(DATA FOR THIS EXERCISE):
.....
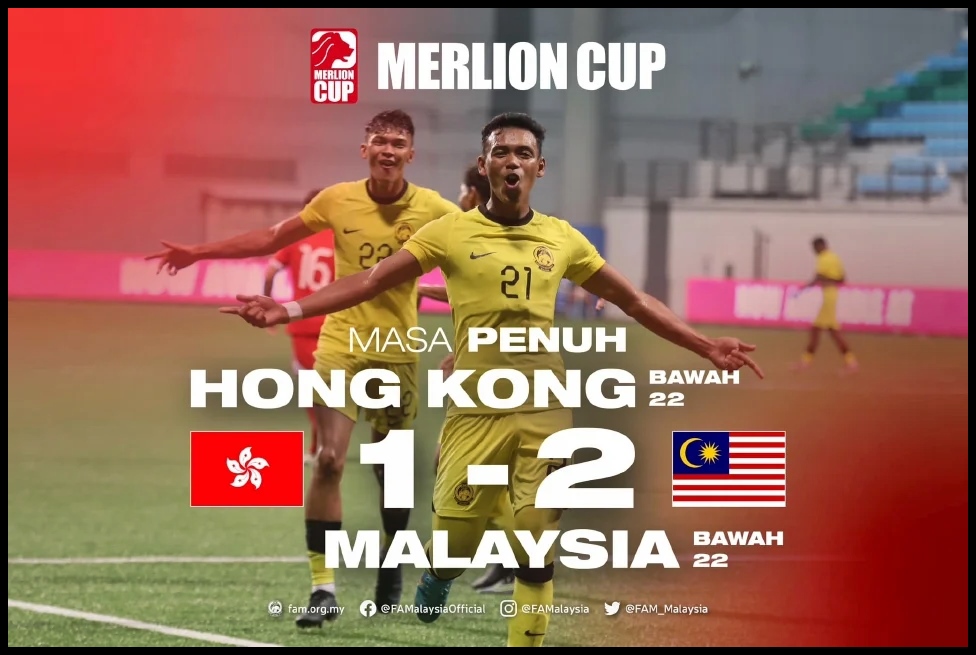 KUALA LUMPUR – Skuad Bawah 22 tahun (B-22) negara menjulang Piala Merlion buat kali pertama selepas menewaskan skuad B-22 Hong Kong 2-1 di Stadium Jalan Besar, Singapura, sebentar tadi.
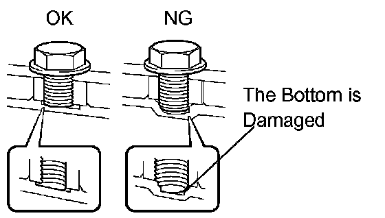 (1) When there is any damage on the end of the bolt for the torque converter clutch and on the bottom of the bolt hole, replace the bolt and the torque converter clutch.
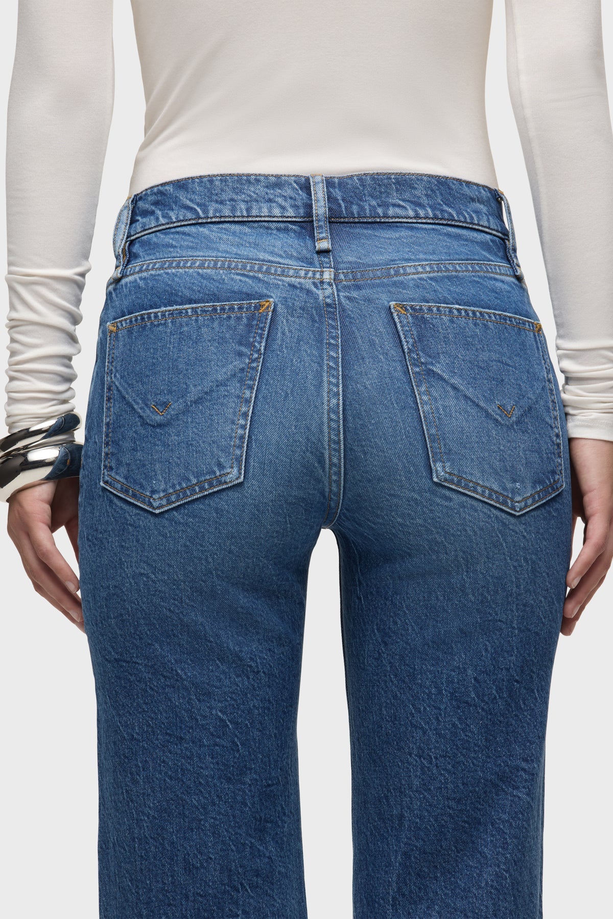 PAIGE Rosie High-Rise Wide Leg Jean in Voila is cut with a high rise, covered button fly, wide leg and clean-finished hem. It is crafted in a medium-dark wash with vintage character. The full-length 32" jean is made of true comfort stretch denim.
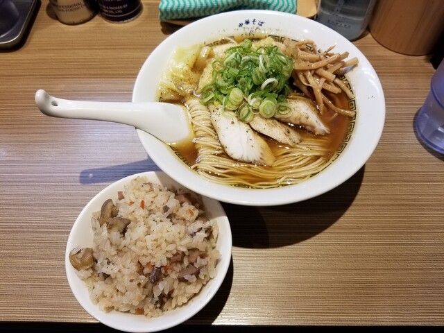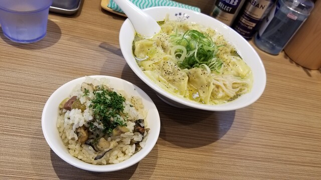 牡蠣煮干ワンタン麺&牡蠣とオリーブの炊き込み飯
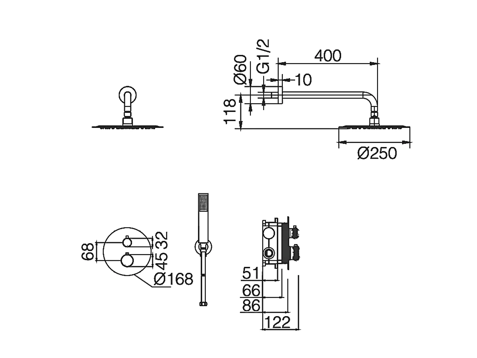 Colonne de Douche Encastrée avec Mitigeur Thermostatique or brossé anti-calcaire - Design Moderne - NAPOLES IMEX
.....
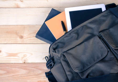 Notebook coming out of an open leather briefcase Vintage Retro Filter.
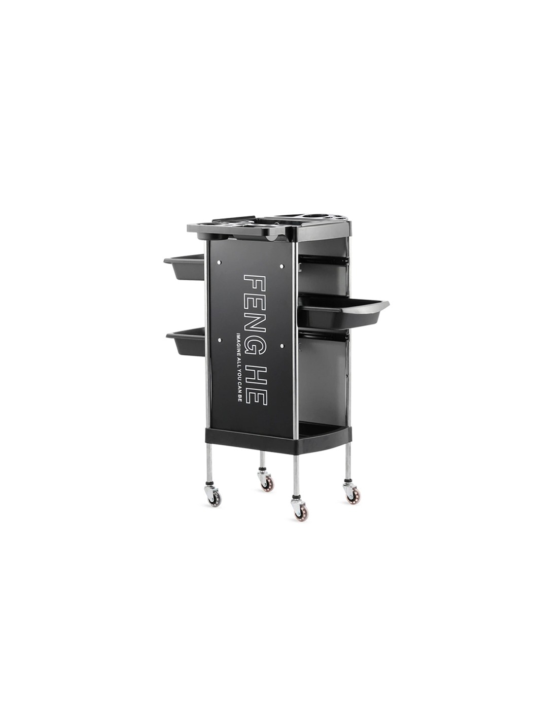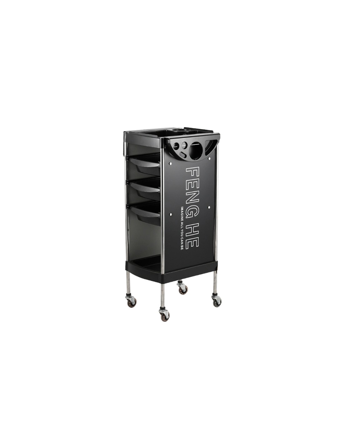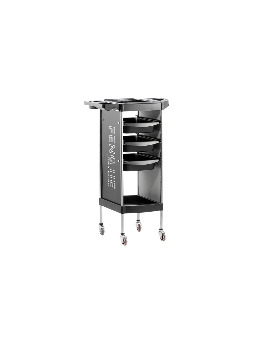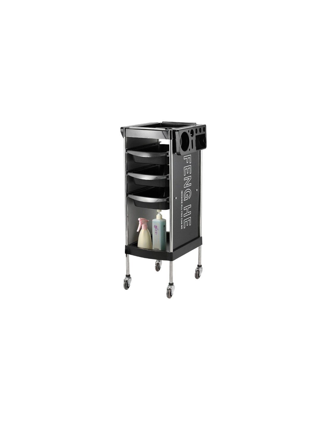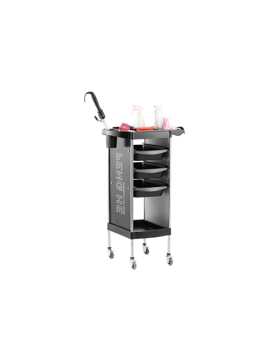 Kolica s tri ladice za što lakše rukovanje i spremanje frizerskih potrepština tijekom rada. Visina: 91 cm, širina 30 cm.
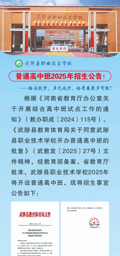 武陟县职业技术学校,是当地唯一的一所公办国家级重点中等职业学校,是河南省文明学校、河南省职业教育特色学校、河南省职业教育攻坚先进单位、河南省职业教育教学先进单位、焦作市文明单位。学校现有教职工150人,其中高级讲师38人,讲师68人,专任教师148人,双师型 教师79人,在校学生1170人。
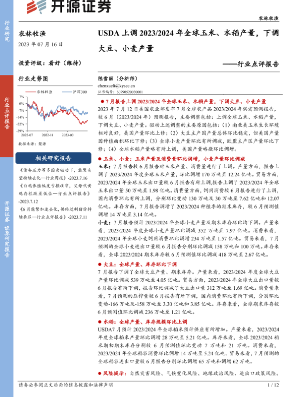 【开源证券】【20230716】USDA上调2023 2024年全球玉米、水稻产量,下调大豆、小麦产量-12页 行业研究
.....
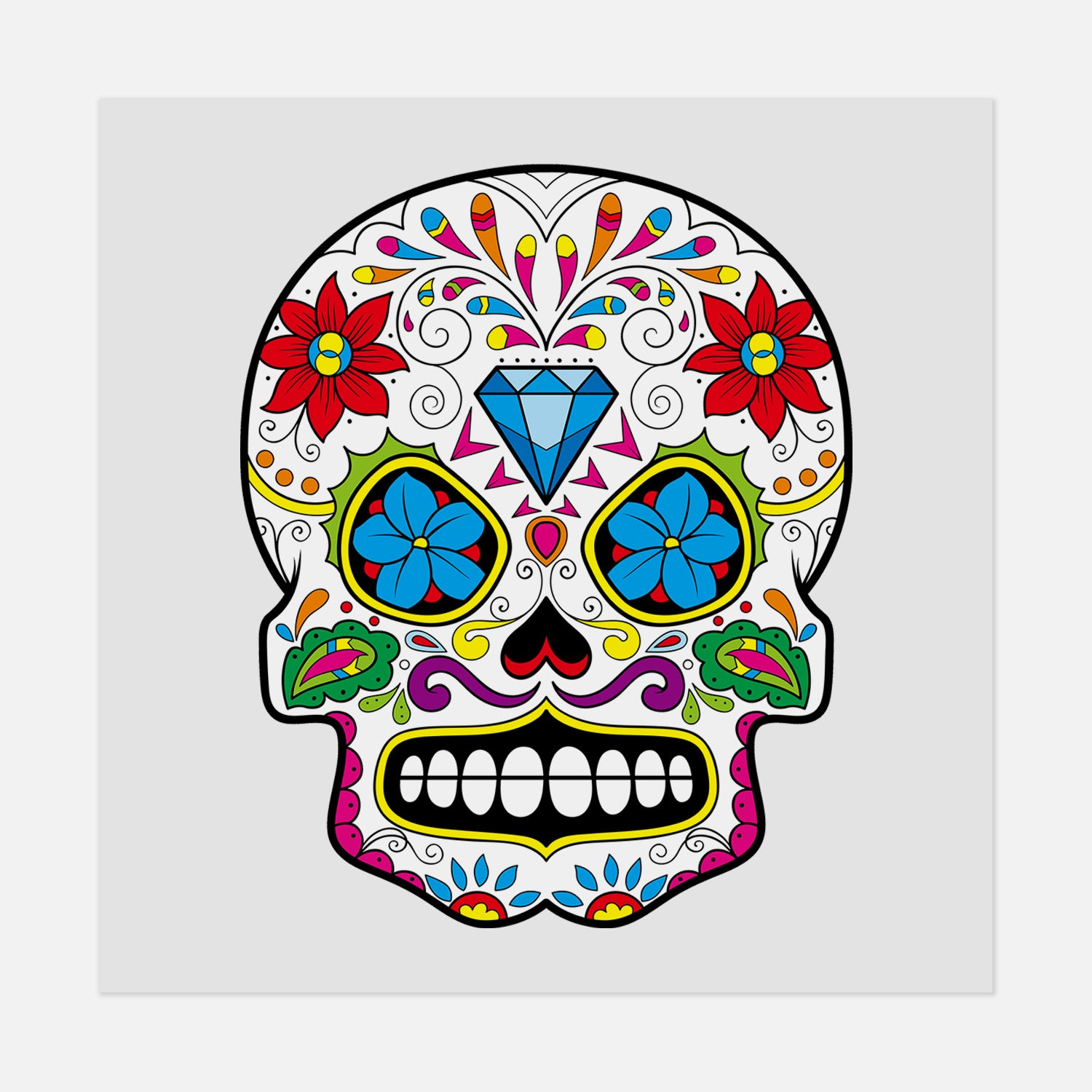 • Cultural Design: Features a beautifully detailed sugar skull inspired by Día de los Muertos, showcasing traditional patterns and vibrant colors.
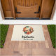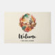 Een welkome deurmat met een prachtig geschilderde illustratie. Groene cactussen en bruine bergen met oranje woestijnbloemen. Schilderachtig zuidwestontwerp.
.....
(YOUR ASSIGNMENT): Once the line with "KUALA LUMPUR –" is found above, print it and every line after it through the line with "Colonne de Douche", exactly. Pictures stay out.

(YOUR SOLUTION):
 KUALA LUMPUR – Skuad Bawah 22 tahun (B-22) negara menjulang Piala Merlion buat kali pertama selepas menewaskan skuad B-22 Hong Kong 2-1 di Stadium Jalan Besar, Singapura, sebentar tadi.
 (1) When there is any damage on the end of the bolt for the torque converter clutch and on the bottom of the bolt hole, replace the bolt and the torque converter clutch.
 PAIGE Rosie High-Rise Wide Leg Jean in Voila is cut with a high rise, covered button fly, wide leg and clean-finished hem. It is crafted in a medium-dark wash with vintage character. The full-length 32" jean is made of true comfort stretch denim.
 牡蠣煮干ワンタン麺&牡蠣とオリーブの炊き込み飯
 Colonne de Douche Encastrée avec Mitigeur Thermostatique or brossé anti-calcaire - Design Moderne - NAPOLES IMEX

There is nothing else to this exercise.